Wednesday, September 21, 2016

My Favorite Teacher

       My favorite teacher wasn't supposed to be my favorite teacher.

       I heard he was tough.  I heard he makes you write a lot.  I heard there was a lot of reading in his class.  One person said he was mean.

       He was my 7th grade English teacher.  I was 12 years old.  When I got my class schedule for the year, I started to ask friends if they knew any of my teachers.  The comments about this teacher (it seemed) were all bad.  Of course, at 12 years old, when I said things such as, "Everyone says he's a mean teacher.", what I really meant was, "The extremely small number of 13 year old boys (3) that I spoke with about this said he was mean."

       But they were my friends and I believed them, so when the first day of school came I was worried about this teacher and this class.  His class was third period and up to that point in the day, everything had gone pretty well.  I entered his class with a more than a little concern.

       He let us sit anywhere we wanted to sit.  He gave each of us a number and then told us to sit at the desk that had that number.  So all of us got up out of our seats (after just two minutes in the class) and moved to a different seat.  After that, he had each of us "meet" the two people who were sitting next to us.  Then we went around the room and each student said something about one of the students sitting next to us.  Then he told us about himself.  But instead of saying how many years he was a teacher and how much he loved English (which is the sort of introduction that most teachers give) he told us that he had three sisters, he weighed 265 pounds, and he liked to go bow hunting for deer.

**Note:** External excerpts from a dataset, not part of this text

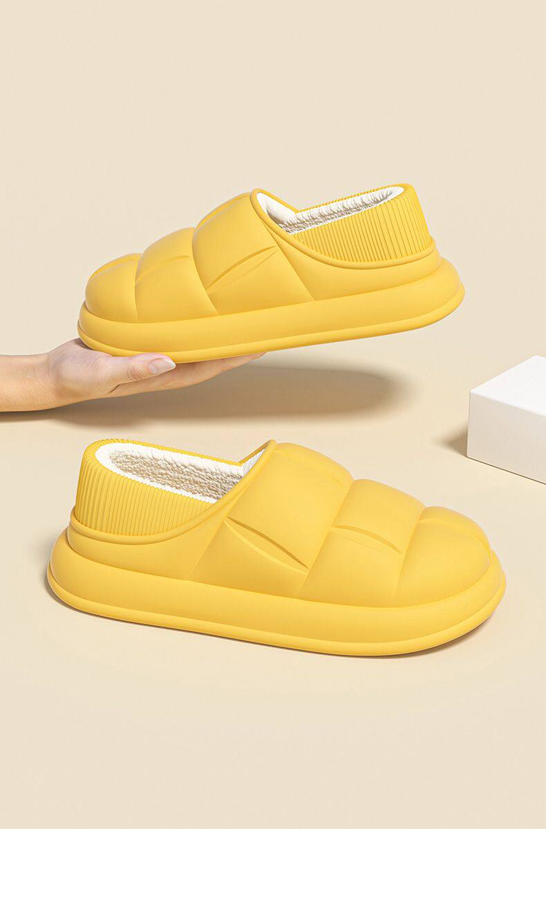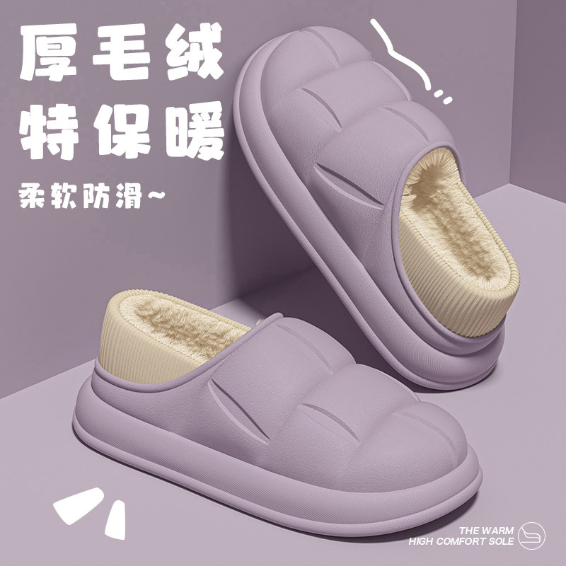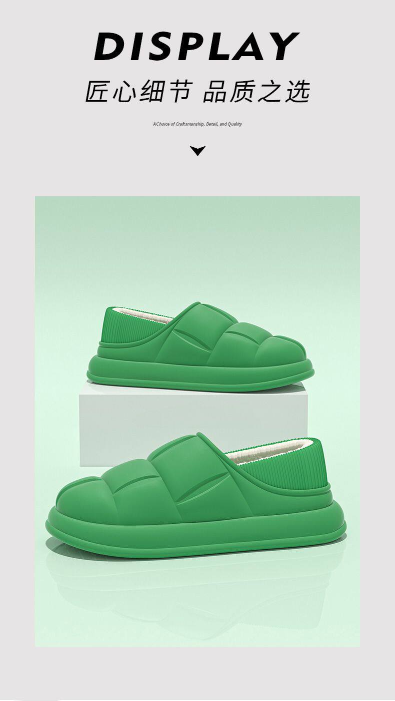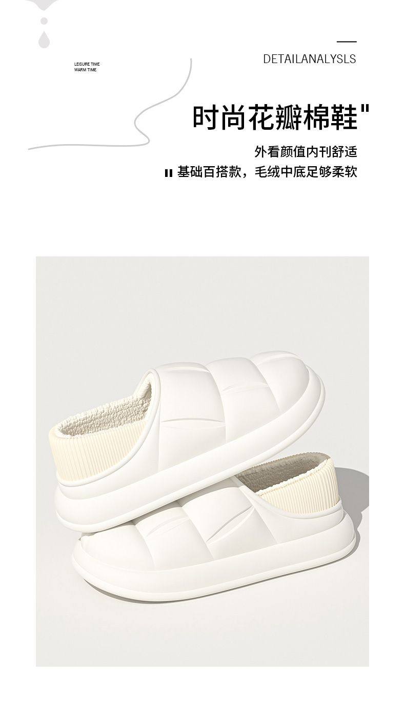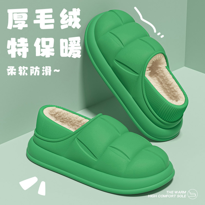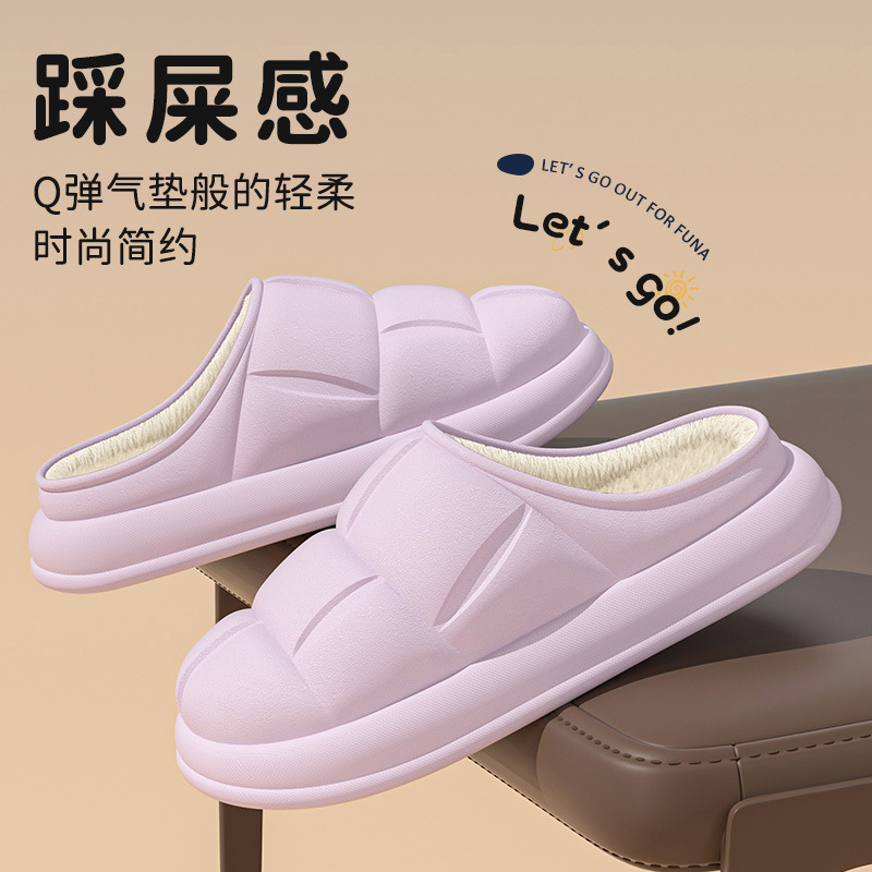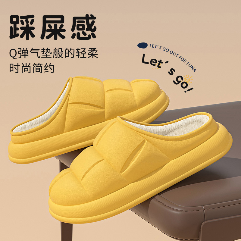 秋冬季防水花踩屎感秋冬季2024厚底居家室内情侣加绒包跟棉拖鞋
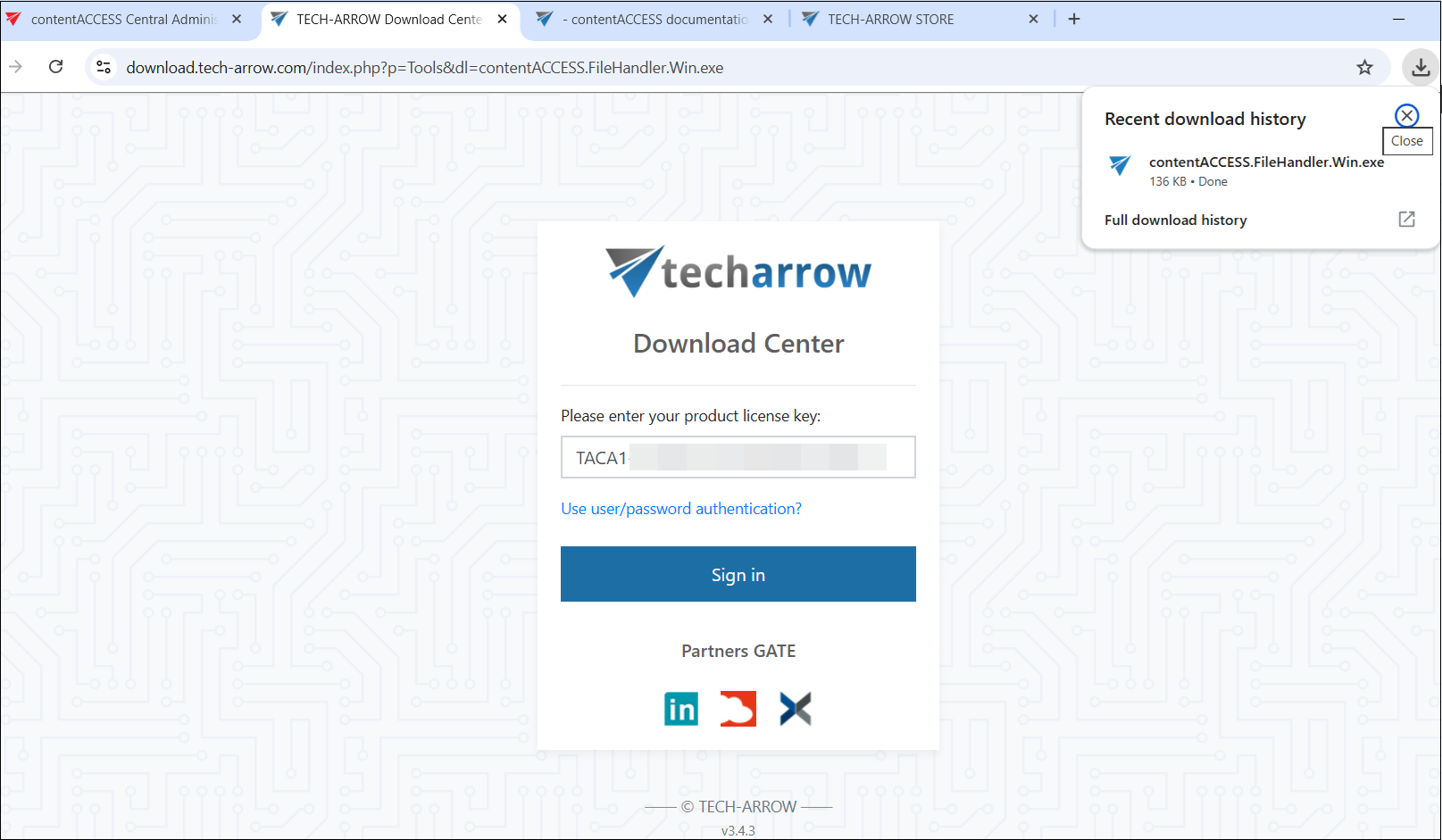 1. Download contentACCESS.FileHandler.Win.exe application from the Download Center -> Tools.
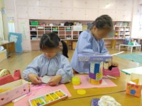 七夕の集いをしました。そら組さんがお供えを運んでくれました。お供えや笹飾りを見たり、パネルシアターで七夕のお話をきいたりしました。
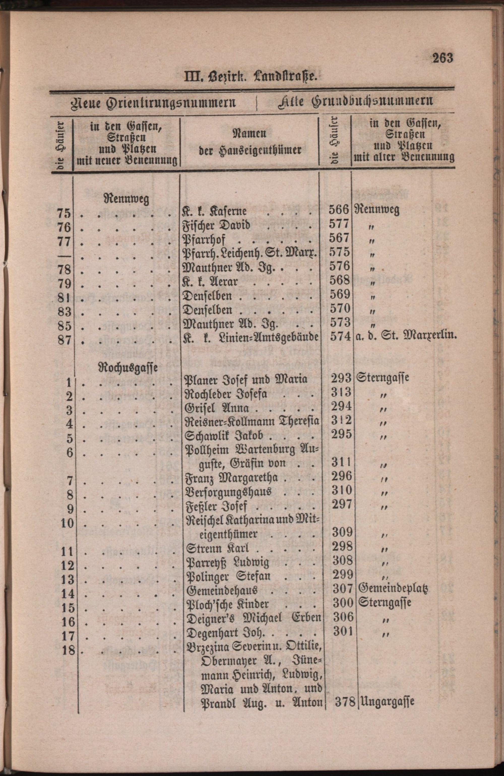 3: Landstraße : Nachweis der alten und neuen Benennungen der Gassen, Straßen und Plätze in alphabetischer Ordnung
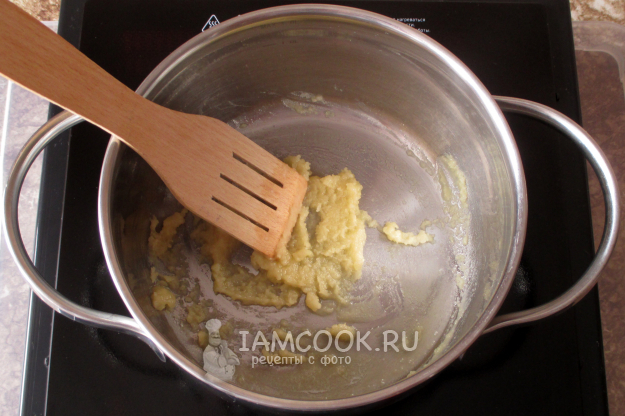 Для приготовления варианта соуса бешамель расплавьте сливочное масло на среднем огне в кастрюльке или сотейнике. Добавьте муку и обжарьте её при постоянном помешивании трущими движениями. Слегка посолите.
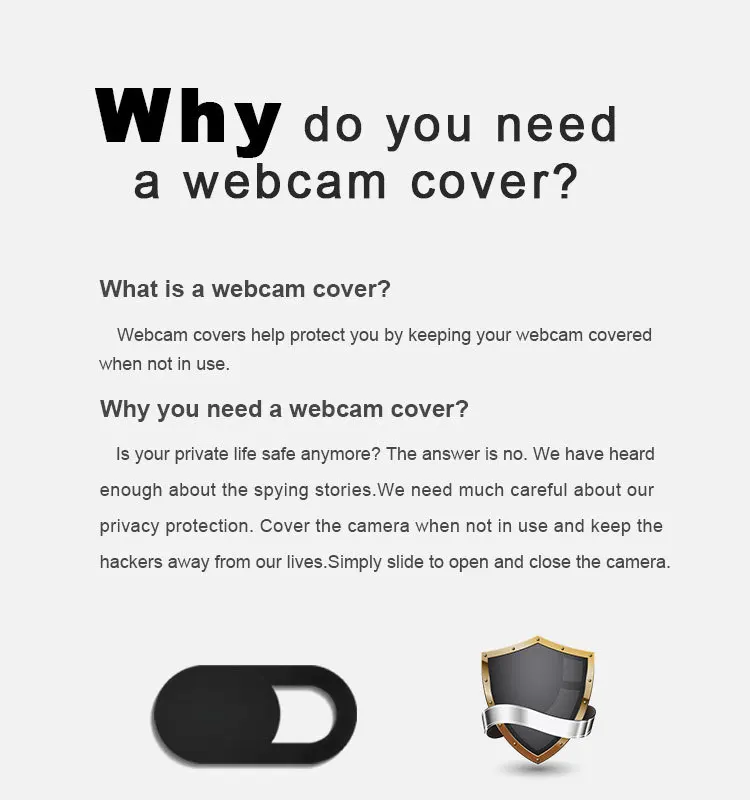 ОсобенностиЦвет: как показано на фотографияхМатериал: АБС-пластик.Размер: 18,5*9*0,7 ммДля ноутбуков, планшетов для защиты вашей безопасности и конфиденциальности, с сильным клеем, который является более долговечный клейкий скотч. Не подходит для смартфона.Не будет мешать закрытию веб-камеры ноутбука.Также может быть декором для вашего ноутбука, и отверстие большое, что не влияет на зрение камеры.Слайдер крышки веб-камеры можно открыть или закрыть одним простым движением пальцев.Закройте его для блокировки потенциальных хакеров. Уникальный дизайн позволяет легко наслаждаться безопасной цифровой жизнью.
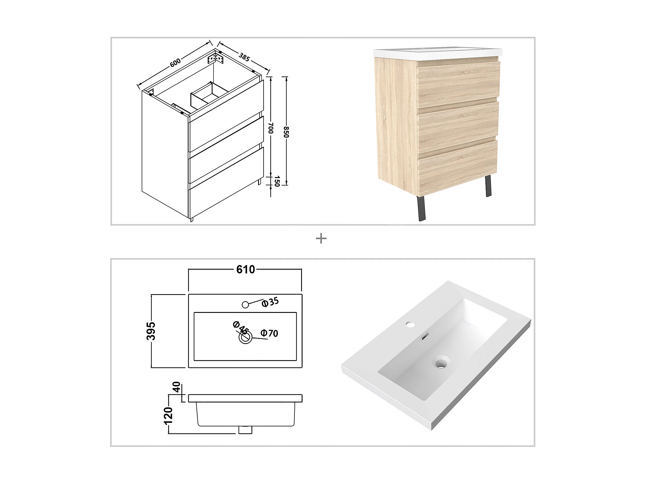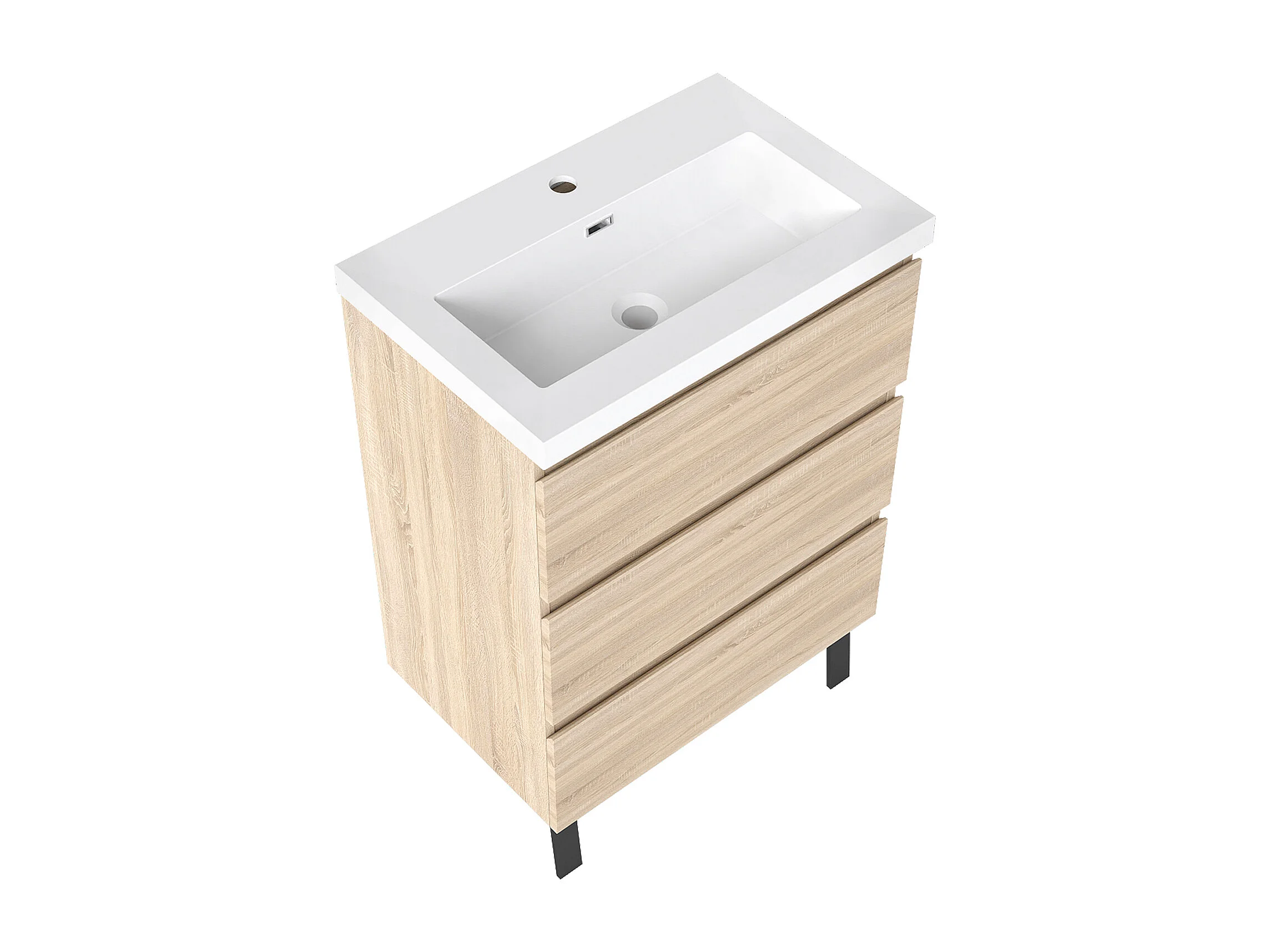 Meuble de Salle de Bain 60cm avec 3 tiroirs + 2 Pieds, Meuble simple vasque, Chêne

       I actually remember more about that first class, but the point is his class was all about relationships.  He wanted to get to know us and he wanted us to get to know each other.  Everyday as students walked into his class he would ask us specific questions about things we were interested in and some students would ask him about things that he was interested in.  Our class involved a lot of discussions and he always linked these discussions to something the someone (or many of us) were interested in.  He never made a big deal about grades.  He never put anyone down for getting a bad grade or even for failing to complete an assignment on time.  If students earned a "D" or an "F" (and some did) he didn't get mad at them.  In fact, one student in particular who failed his class seemed to have a great relationship with him.


       We did do a lot of writing and we did do a lot of reading.  It was an ENGLISH class [!].  That's what you do in an English class.  My friends' opinions of what determined "a lot" probably meant that they didn't want to do any writing and reading.  Another thing that he often did was to not accept the first answer or idea that a student put forth.  He wanted many ideas; or he wanted us to be able to expand on our ideas.  The goal in his class was learning.  It wasn't "answering questions".  We didn't earn "points" for cleaning the chalkboard or for not using all of our bathroom passes.  We only earned grades for good writing and good thinking (participation).  This was probably the part my friends referred to as "being mean", since they were generally pretty good at "earning" good grades while learning very little.  Those techniques probably didn't work in his class.

       I didn't refer to this person as "My favorite teacher" until years later--after high school.  And the reason he was my favorite was because he didn't belittle us.  He pushed us to do our best.  Some were more ready for that "push" than others, but all of us knew that we couldn't just slide by and earn a high grade in his class without producing something of quality.

       My favorite teacher wasn't a popular teacher; he wasn't a coach of a sports team; he made us laugh from time to time, but he wasn't known as a "fun" teacher.  He probably didn't care about being liked.  He was firm and fair.  He spoke to his students in pretty much the same way he spoke to our parents.  He knew what he was doing and he had a reason for everything he asked us to do.